I'd describe that as Greek transliterated into a roman (or latin)
script. One could most likely be more precise.

But I don't think there's big differences in the way Greek
(or Japanese or Korean or Hebrew) are romanized for French-speaking
or English-speaking readers.

Romanization is _not_ a change of language; it's use of
a different script.  There's clearly more than one way
to romanize many languages. (And you can write English
in other scripts, i.e.
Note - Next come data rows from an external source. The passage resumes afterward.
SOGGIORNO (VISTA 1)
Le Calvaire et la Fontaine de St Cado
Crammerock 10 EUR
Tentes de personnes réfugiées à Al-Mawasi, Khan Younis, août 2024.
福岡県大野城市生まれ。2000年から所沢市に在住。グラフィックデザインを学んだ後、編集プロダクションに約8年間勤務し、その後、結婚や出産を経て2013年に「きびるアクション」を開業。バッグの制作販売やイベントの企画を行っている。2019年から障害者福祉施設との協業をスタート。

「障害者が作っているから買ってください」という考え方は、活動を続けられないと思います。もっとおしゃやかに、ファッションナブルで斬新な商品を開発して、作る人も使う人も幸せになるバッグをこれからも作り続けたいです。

Japanese Katakana (though
it may get a bit distorted))

If you romanize greek, it's still greek to me ;)

I _agree_ that there's a use for tagging this general sort
of transformation.

I _disagree_ that it should be done by over-loading the existing
language headers/language-tags as used in HTTP and HTML.
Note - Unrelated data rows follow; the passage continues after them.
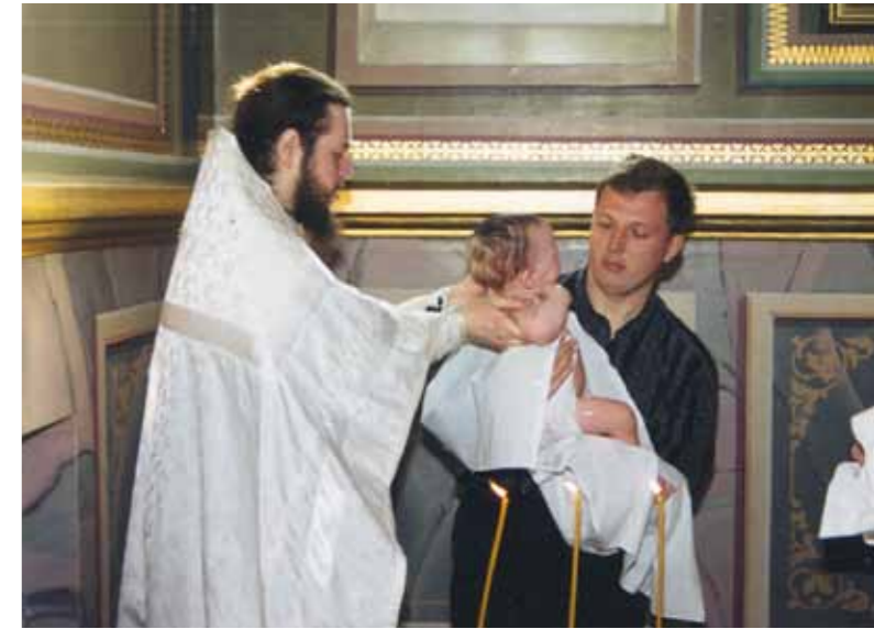
Таинство Крещения. Рубеж 90-2000-х гг.

У владыки было всё четко распределено, это важная и очень правильная черта характера. Мы не мечтали о каких-то должностях, не представляли своих кандидатур, чтобы нас куда-то назначили. Мы четко понимали, что видение владыки – это воля Божия, кото-
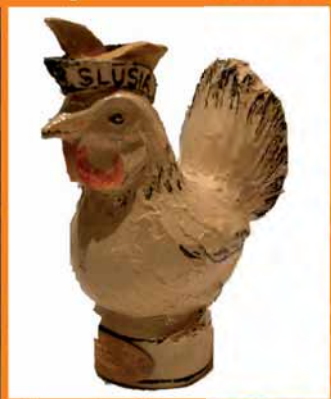
Henne - Auszeichnung des Elferrates
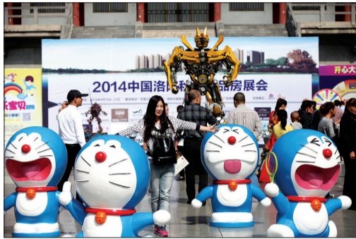
房展会上，还能遇见机器猫
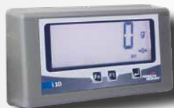
Jeden wyświetlacz cyfrowy + jeden wyświetlacz dla klienta (cyfrowy)
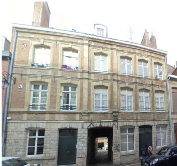
PHOTOGRAPHIE DE LA FACADE PRINCIPALE DONNANT SUR RUE
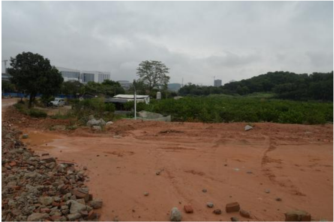
图 18 地表现状（西—东）
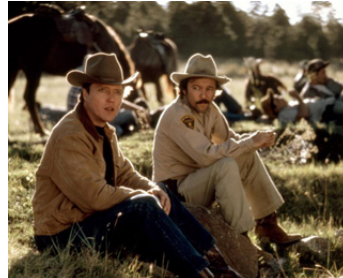
1988 MILAGRO (The Milagro Beanfield War) de Robert Redford avec Ruben Blades
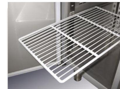
Guide antiribaltamento Anti-turnover slide-ways Glissières anti-renversement Anti-Umsturz Schienen

If it needs to be marked up on portions of a document,
then I'd say we should propose a new attribute for a
HTML DTD. The arguments for having a standard markup
are pretty much the same as LANG: it helps spell-checkers,
hyphentation software, and so forth to do the right thing.

Right now, I'm expect multi-lingual HTML processing
software is doing huristics to associate script with
language, but making this explict could be a good thing.

I'd love to be able to spell-check romanized Japanese
when I write it (which illustrates that these issues
appear in original as well as transformed texts).

If we could live with indicating it for the whole document,
then use a META tag. But it sounds like that would be too weak
for the general multi-lingual case.

I'm not an expert in these matters, so I'm not sure I've
got all the right terminology either, I just see pitfalls
in over-loading "language" in HTTP/HTML.

--
    Albert Lunde                      Albert-Lunde@nwu.edu

Received on Wednesday, 21 October 1998 15:17:10 UTC